When she came to, half a mile away from the railway line the dogs had already started barking, and the vultures were at the closure of completing a corpse.  She had great difficulty opening her eyes, and after many failures once she felt the scratches to her right, her eyes flashed in horror.  The thorny bushes had given much irritation to parts of her whole body. 
‘Ah, here!’ she tried to think; it was evident that the track led her home. 
The dawn was breaking slowly.  The short-flying birds were circling low and were scared of the predatory fowls.  Giving her a joining smile, the flies too were half-circling her breasts.  She tried to lift her head a bit and felt pain in her shoulders; she discovered her own body and it was covered with dark rough mud.  There wasn’t any sign of dry blood; it was just darkened mud.  The scratches she felt were slowly healing and she ignored the well-healed wound on her left foot.  She was least bothered by the pain but was trying to find herself amongst the circling vultures.

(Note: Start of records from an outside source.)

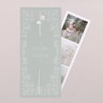 Tendre vert céladon, motifs champêtres et véritables fleurs séchées se rencontrent sur le faire-part de mariage Florentina. Une invitation pleine de fraîcheur et de poésie, parfaite pour conter le plus beau jour de votre vie.
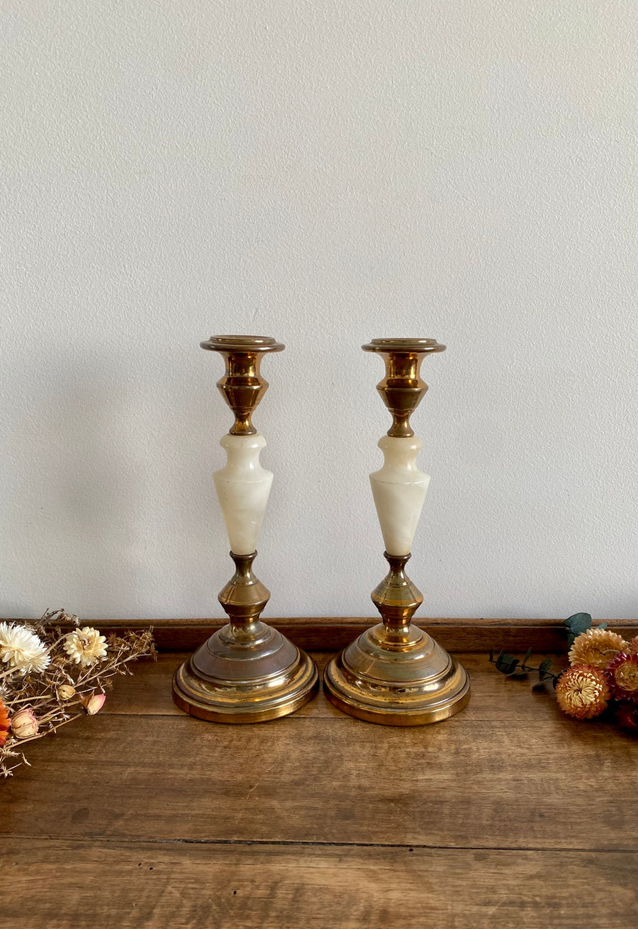Beau duo de bougeoirs anciens, beau mélange du laiton cuivré et de l'albâtre. Dans leurs jus, celui de gauche sur la première photo est légèrement plus oxydé que l'autre, on adore leur belle patine.
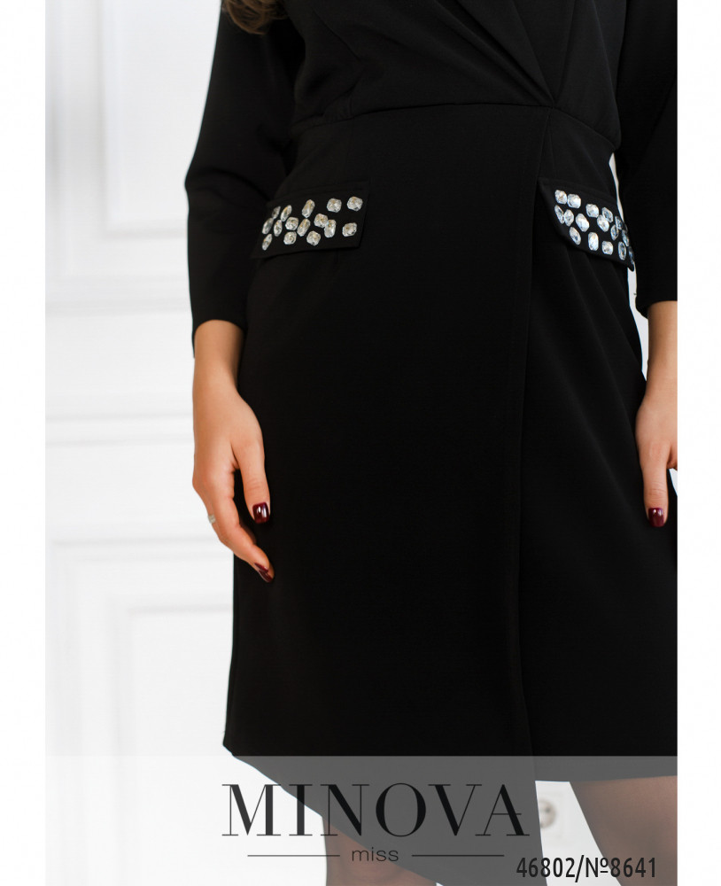 В женственном платье-миди приталенного силуэта, подшитом на запах, вы будете очаровательны как в офисе, так и на вечеринке или празднике. Эта модель дополнена воротником с лацканами, рукавами 7/8 без манжет и накладными клапанами без карманов, дополненными декоративными украшениями. Изюминку добавляет ассиметричный подол, удлиненный спереди. Платье застегивается на змейку, вшитую по спинке.
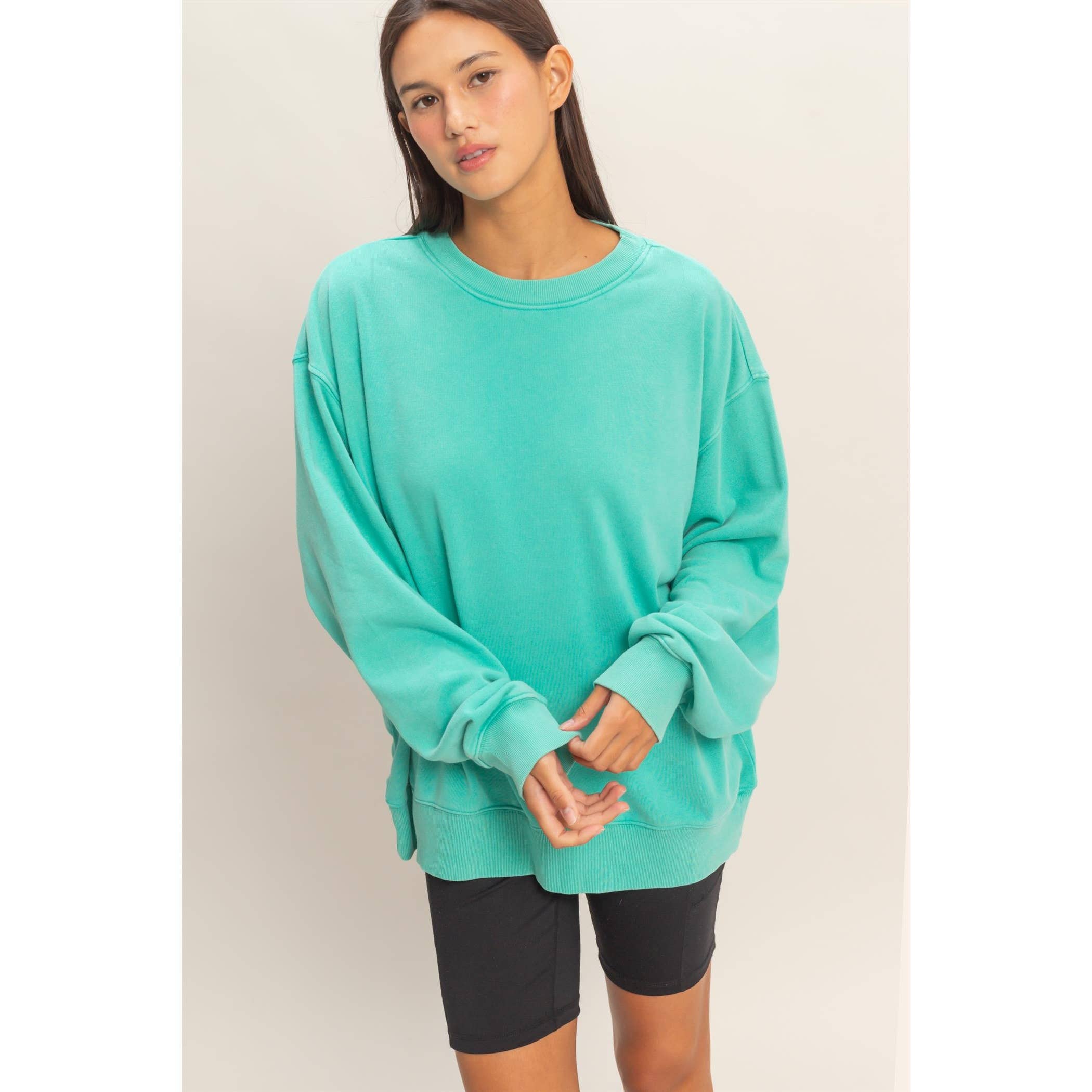 This essential sweatshirt offers ultimate comfort with soft French terry, featuring a mineral washed finish providing a faded, vintage texture. The design includes a ribbed crew neckline and dropped shoulders with full long sleeves and ribbed cuffs. With an oversized and relaxed fit, it pairs perfectly with joggers and sneakers for a laid-back look.
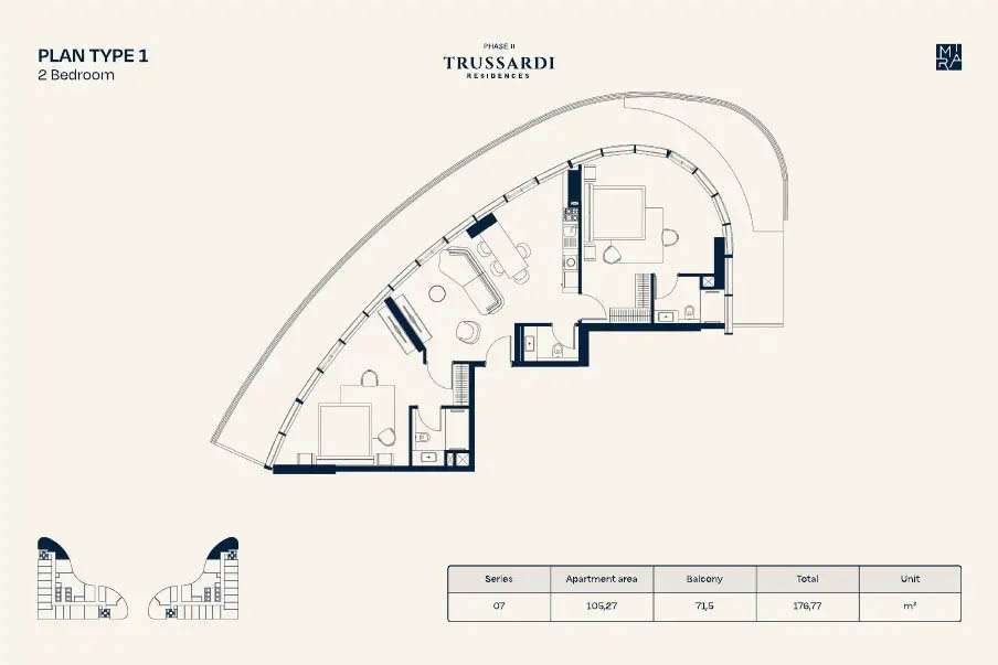 The large, well-designed apartments at Trussardi Residences 2 emphasize openness, natural light, and contemporary utility. Every house has:
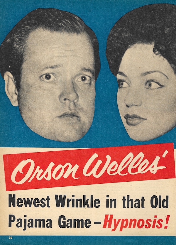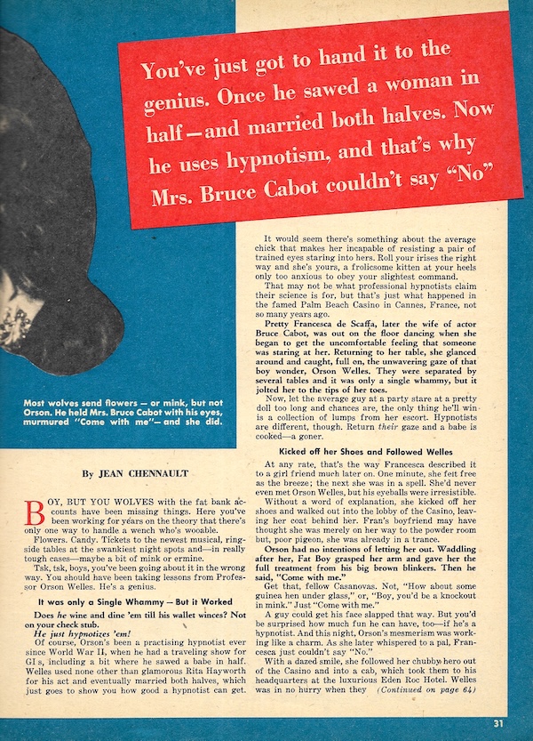 Confidential claims that Orson Welles, allegedly a practicing hypnotist, used his talents to seduce Francesca de Scaffa: Fat Boy grasped her by the arm and gave her the full treatment from his big brown blinkers. Then he said, “Come with me.” The story goes on to say he made her dance around nude in his hotel room and more, but who was the witness on this one? Did Confidential have a reporter at the keyhole? At least the Jackie Robinson story has a few plausible witnesses. Who revealed this tale? Welles? De Scaffa? Hmm…

She felt like recognising the track.  Vague memories of playing by the track came rather accidentally like a dream.  That was probably just another track by which she used to take a short walk very early in the morning.  She remembered it was just another track.  All tracks looked alike in memory.

After the short rain the probability of a pleasant morning was darkening.  Had it been her bed, she would’ve relaxed and slept for a longer while.  ‘But whatever happened,’ she continued to think.

She waved her hands to the flies in protest and prepared herself to follow the track followed by the flies and flies alone.